Untuk itu, Yenny mengajak mengoptimalkan peran agama
dan umatnya. “Saya mengajak semua untuk hijrah melakukan tindakan untuk
dalam pengendalian perubahan iklim,” kata Direktur Wahid Foundation
Yenny Wahid usai menjadi pembicara di Paviliun Indonesia pada Konferensi
Perubahan Iklim COP25 UNFCCC di Madrid, Spanyol, Senin (9/12/2019).
Menurut
Yenny, upaya menggerakan umat manusia agar beraksi dalam pengendalian
perubahan iklim keliru jika hanya menggunakan pendekatan ilmu
pengetahuan. Menurut dia, seharusnya umat manusia juga disentuh hati dan
perasaannya agar melakukan aksi konkrit. Kemampuan menyentuh emosi
umat manusia itulah yang dimiliki oleh agama. “Tidak bisa hanya sekadar
fakta, harus sentuh juga emosinya,” kata Yenny.

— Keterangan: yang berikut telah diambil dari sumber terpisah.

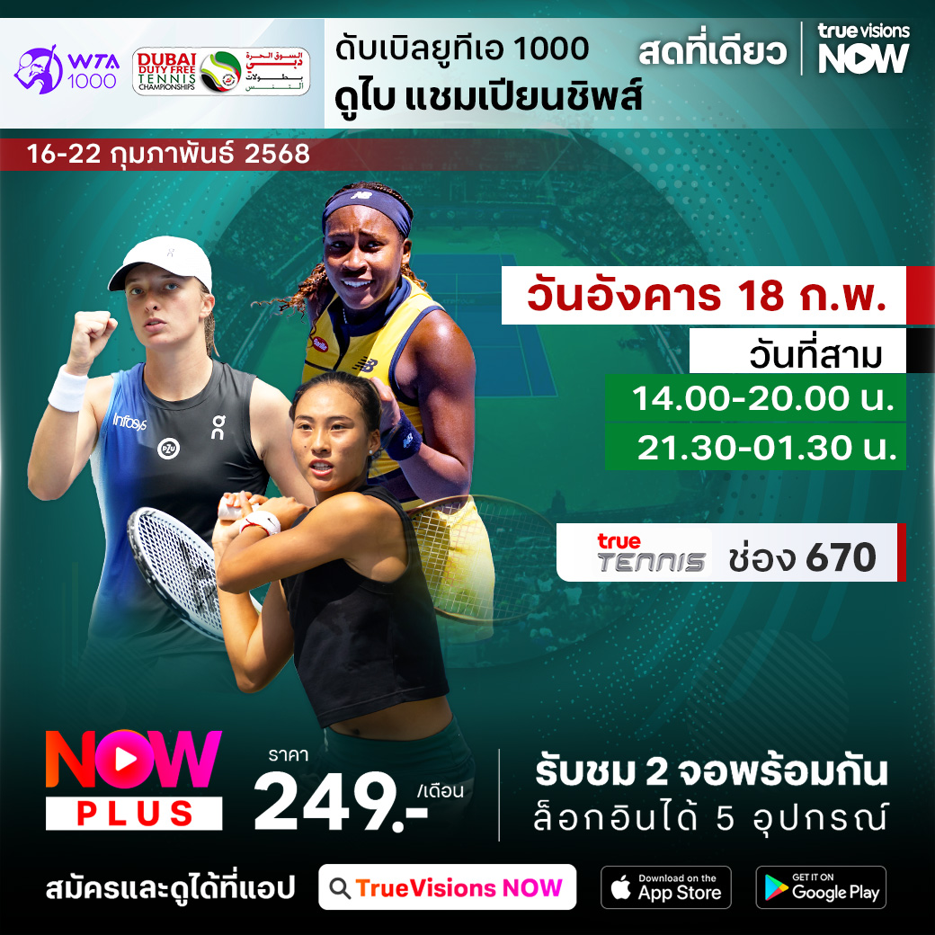 เทนนิสหญิง ดับเบิ้ลยูทีเอ ทัวร์ สัปดาห์นี้เจอกับรายการใหญ่อีกรายการจากภูมิภาคตะวันออกกลาง กับรายการ ดูไบ แชมเปี้ยนชิพส์ ที่เมืองดูไบ ประเทศสหรัฐอาหรับเอมิเรตส์ เป็นอีกหนึ่งรายการที่รวมสุดยอดนักเทนนิสหญิงไว้รวมกันมากที่สุด ร่วมลุ้นกันว่าใครจะคว้าแชมป์รายการนี้ไปครอง ชมสด ครบทุกรอบ ที่ ทรูวิชั่นส์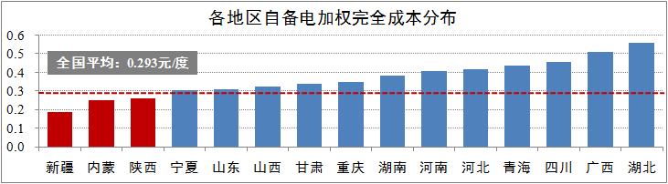 目前,全國共有40家電解鋁企業(yè)配有自用電廠,占全國電解鋁企業(yè)總數(shù)比重為39%,自備電產(chǎn)能占全國總產(chǎn)能的57%。作為電解鋁主要成本構(gòu)成要素之一,現(xiàn)階段電力成本占據(jù)電解鋁成本的35%。綜合分析全國各地區(qū)自備電加權(quán)完全成本,截至今年3月份,僅有新疆、內(nèi)蒙、陜西的加權(quán)完全成本低于0.293元/度的全國平均水平,其中新疆地區(qū)自備電成本為0.187元/度。從電解鋁廠完全成本上看,尚未投入使用自備電的電解鋁廠基本處于虧損運營行列,預(yù)計虧損面將隨著越來越多自備電的投入使用而逐步有所緩解。

Dia menuturkan, selama ini kerap ada pertentangan antar agama. Sebut saja soal asal-usul manusia. Namun pastinya, ujar Yenny, jika seluruh umat manusia meneruskan gaya hidup saat ini yang boros emisi GRK, maka bencana iklim seperti banjir akan terjadi. “Saat itu terjadi, tdak ada perahu Nabi Nuh yang akan menolong kita,” katanya.
Besarnya potensi agama dalam pengendalian perubahan iklim karena sekitar 80% umat manusia yang ada di bumi saat ini memeluk agama. Yenny pun menuturkan, agar peran agama bisa opimal maka organisasi keagamaan dan para pemuka agama harus dilibatkan sebagai pihak dalam pengendalian perubahan iklim. Mereka juga harus mendapat edukasi dan difasilitasi sehingga memahami apa penyebab dan dampak perubahan iklim.
“Pemimpin keagamaan bisa menyebarkan dakwah baru tentang ancaman perubahan iklim,” katanya.
Apalagi, berbagai agama di dunia sesungguhnya mengajarkan tentang perlunya menjaga lingkungan hidup. Dalam ajaran Islam, ada konsep manusia sebagai kilafah harus mengambil kepemimpinan dalam menjaga bumi. Dalam agama Sikh, konsep tersebut juga ada dan harus dilakukan oleh semua pengikutnya.
Saat ini sudah banyak aksi nyata yang dilakukan oleh kelompok umat beragama. Yenny mencontohkan saat menghadiri pertemuan ulama-ulama di Oman dibahas tentang fikih (hukum Islam) penghematan air. Dia menuturkan, banyak juga sinagog yang kini menerapkan penghematan energi dan memanfaatkan energi bersih. Sementara gereja-gereja, banyak yang berinvestasi pada proyek yang berdampak pada pengendalian perubahan iklim.
Menurut Yenny, fenomena keterlibatan kelompok beragama dalam pengendalian perubahan iklim juga terjadi di Indonesia. Dua organisasi umat Islam terbesar di Indonesia telah menjalin kerjasama dengan KLHK. Kedua organisasi tersebut, Nahdatul Ulama dan Muhammadiyah kerap melakukan aksi yang bermanfaat bagi lingkungan hidup seperti menanam mangrove, mendaur ulang sampah, dan tidak menggunakan plastik sekali pakai.
Dia berharap peran seperti itu bisa terus diperkuat. “Kita beruntung kerja sama antara pemerintah dan organisasi kemasyarakat an di Indonesia erat ,” katanya.